Blood attracts and repels. It fascinates us because we need it; it disgusts us because it carries disease and gushes out of our bodies in unforeseen circumstances. An exhibition in Melbourne, Australia, set out to combine the tools of art and science to explore this tension.
The BLOOD: Attract and Repel exhibition at the Science Gallery Melbourne used multidisciplinary art pieces to provoke scientific curiosity. While science can provide the necessary facts, art can draw the viewer in and provide something tangible to understand and connect with on an emotional level.
Squashed mosquitoes oozing with blood are a sight most of us would be familiar with. Seoul-based photographer Jipil Jung creates his work to find meaning in everyday experiences. The Mums is a series of blood-stained photographs featuring mosquitoes that have feasted on the artist’s own blood. All of these mosquitoes are pregnant females; only expectant mothers feed on blood and it is essential for the growth of their young. Evidently this is a risky endeavour. Jung asks if would we be more receptive to the bite if it didn’t cause irritation, or If the mosquitoes carried something good instead of disease.
The virtual reality experience of John McGhee’s Stroke: Occlusion and Flow allowed viewers to navigate through blood vessels and discover the intricacies of what is happening when someone has a stroke. Created from actual stroke-patient data, Stroke takes the viewer on a journey through the arteries leading to, or within the brain, while experiencing the feeling of engulfment by arterial plaque closing in around them. The experience leaves people dodging and ducking around balls of plaque and red blood cells, peering into the depths of the aortic arch within the heart and returning to reality with a new understanding of the sobering truth about what can happen when we indulge a little too much in life’s luxuries.
Bio Yiluo’s Recycling, a huge fibreglass heart mounted on a traditional Chinese tricycle, a san lun che, has the power to arouse a range of emotions. Conventionally, this rickety tricycle is used for collecting goods to be recycled, paper, cardboard and wood; but what if it were to collect human organs for illegal trade?
A feast for almost all the senses, You Beaut delivers a deliciously provocative encounter with the female reproductive system and menstruation made from cake frosting and sweets, graffitied in a toilet block. Addressing this historically avoided and shamed topic, the art collective Hotham Street Ladies say it is time we celebrate menstruation as an important, life-establishing process. The artists were motivated to make a uterine mark in the graffiti world to counteract the ever-present phallic representations typically seen in toilet stalls.
In Penny Byrne’s Blood Diamond, a large, healthy, levitating 3D-printed red blood cell is stationed in the back of a dark room, illuminated periodically. This artwork explores fascinating new technologies to detect malaria, a mosquito-borne disease which continues to kill more than 400,000 people a year. These technologies, used in conjunction with one another, can detect a malaria-infected cell cheaply, instantly and significantly earlier in infection than current tests, even before symptoms are evident.
The first technology uses sound waves to levitate or float drops of blood; the second uses infrared light reflected off a diamond and shone through the droplets of floating blood. Malaria-infected blood absorbs light differently than normal blood due to the presence of fatty acids that reveal the presence of the malaria parasite.
To experience this immersive piece, users wore an augmented-reality headset to see other blood cells in the room; these new cells are dimpled and have rough edges, signifying malarial infection.

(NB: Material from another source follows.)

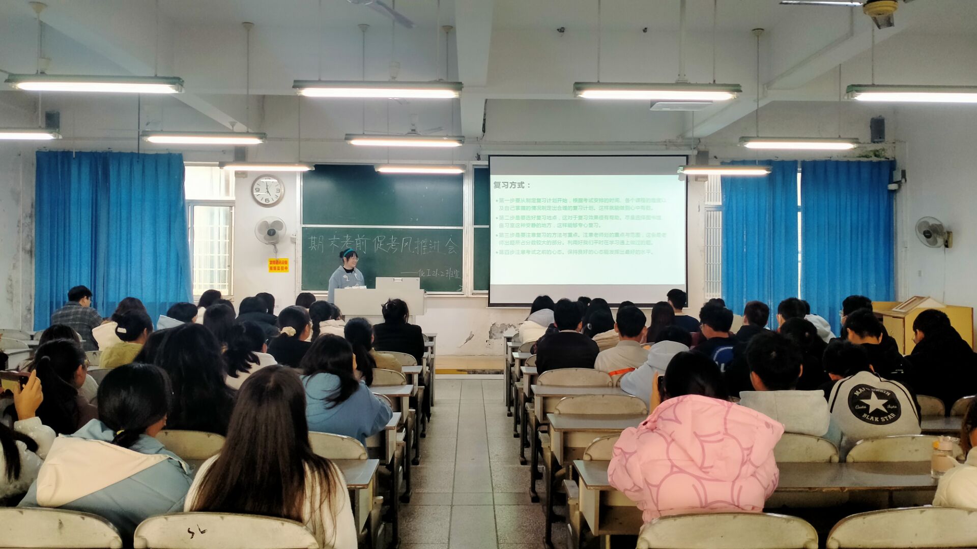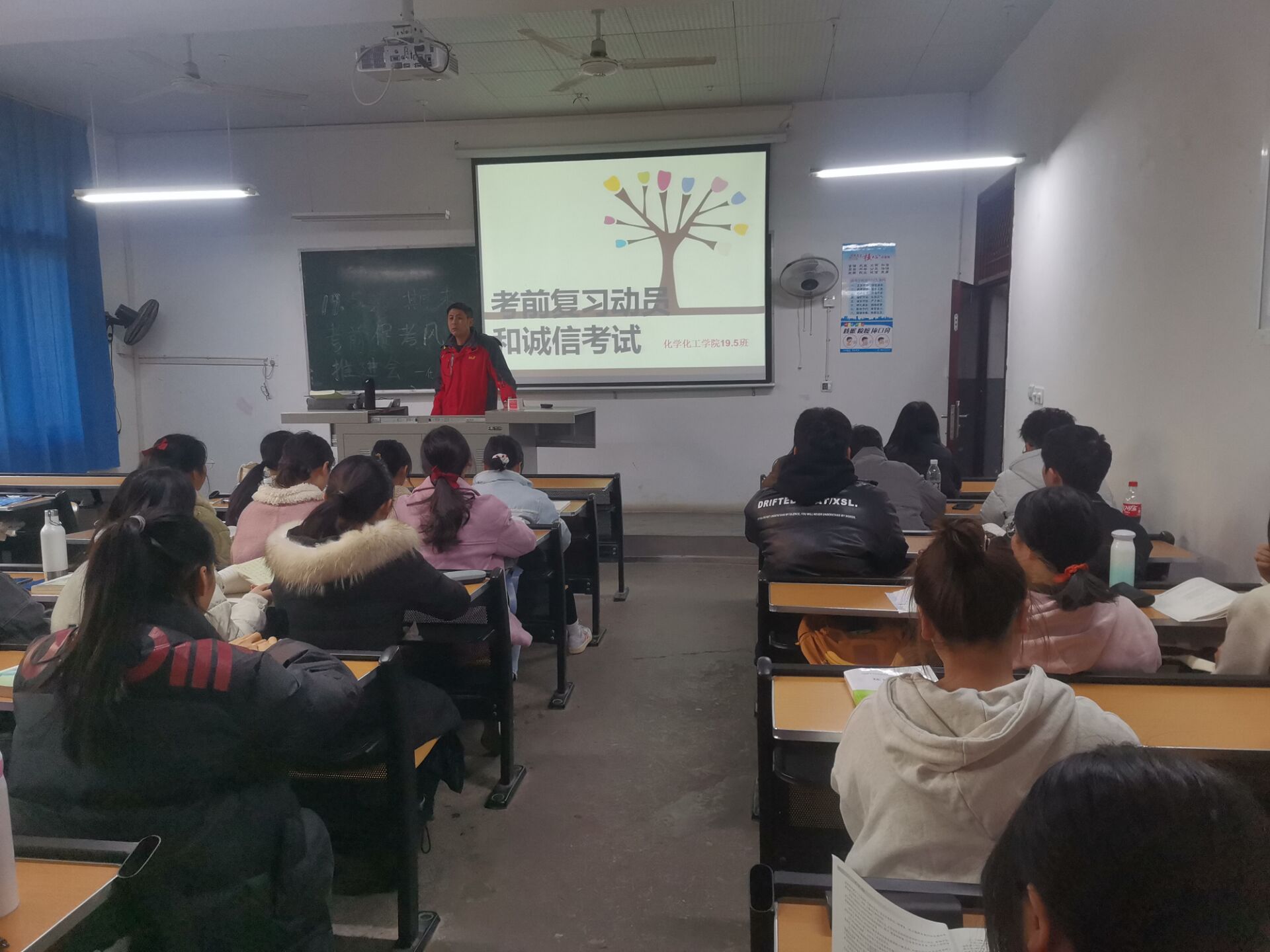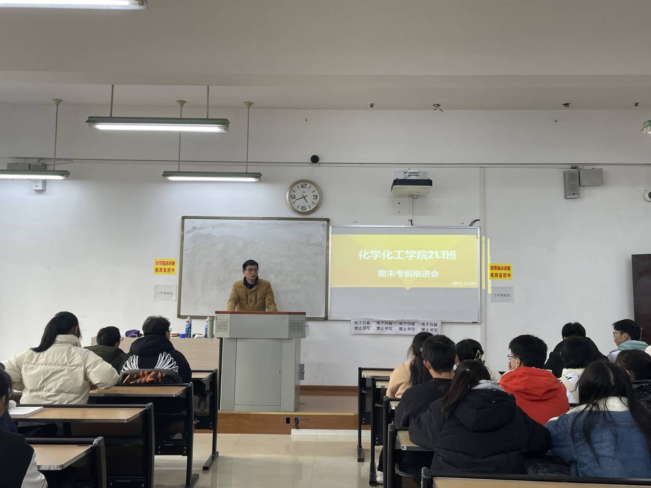 为进一步提高同学们端正考风、严肃考纪、诚信考试,化学化工公司于2021年12月2日至5日在第一教学楼和第五教学楼组织2019至2021级各班开展“期末考前促考风推进”主题班会。

Is all blood created equal? Jordan Eagle’s work is part of a larger project, also called Blood Equality, that aims to stop stigmatisation and bring equality to blood donation. The work is composed of panels of crackled, crystallised blood donated by people who, due to being members of ‘high-risk’ groups, are not wanted as blood donors. Visitors are invited to immerse themselves within this rejected blood.
In the US, Britain and Australia, sexually active gay, bisexual and transgender people must abstain for a year if they wish to donate blood, although tests can now detect the HIV virus in blood within seven to 10 days after infection. The policy, the work points out, does not reflect the science.
BLOOD: Attract and Repel was hosted at the Science Gallery Melbourne in August and September of 2017. Much of the exhibition was then displayed in London until November.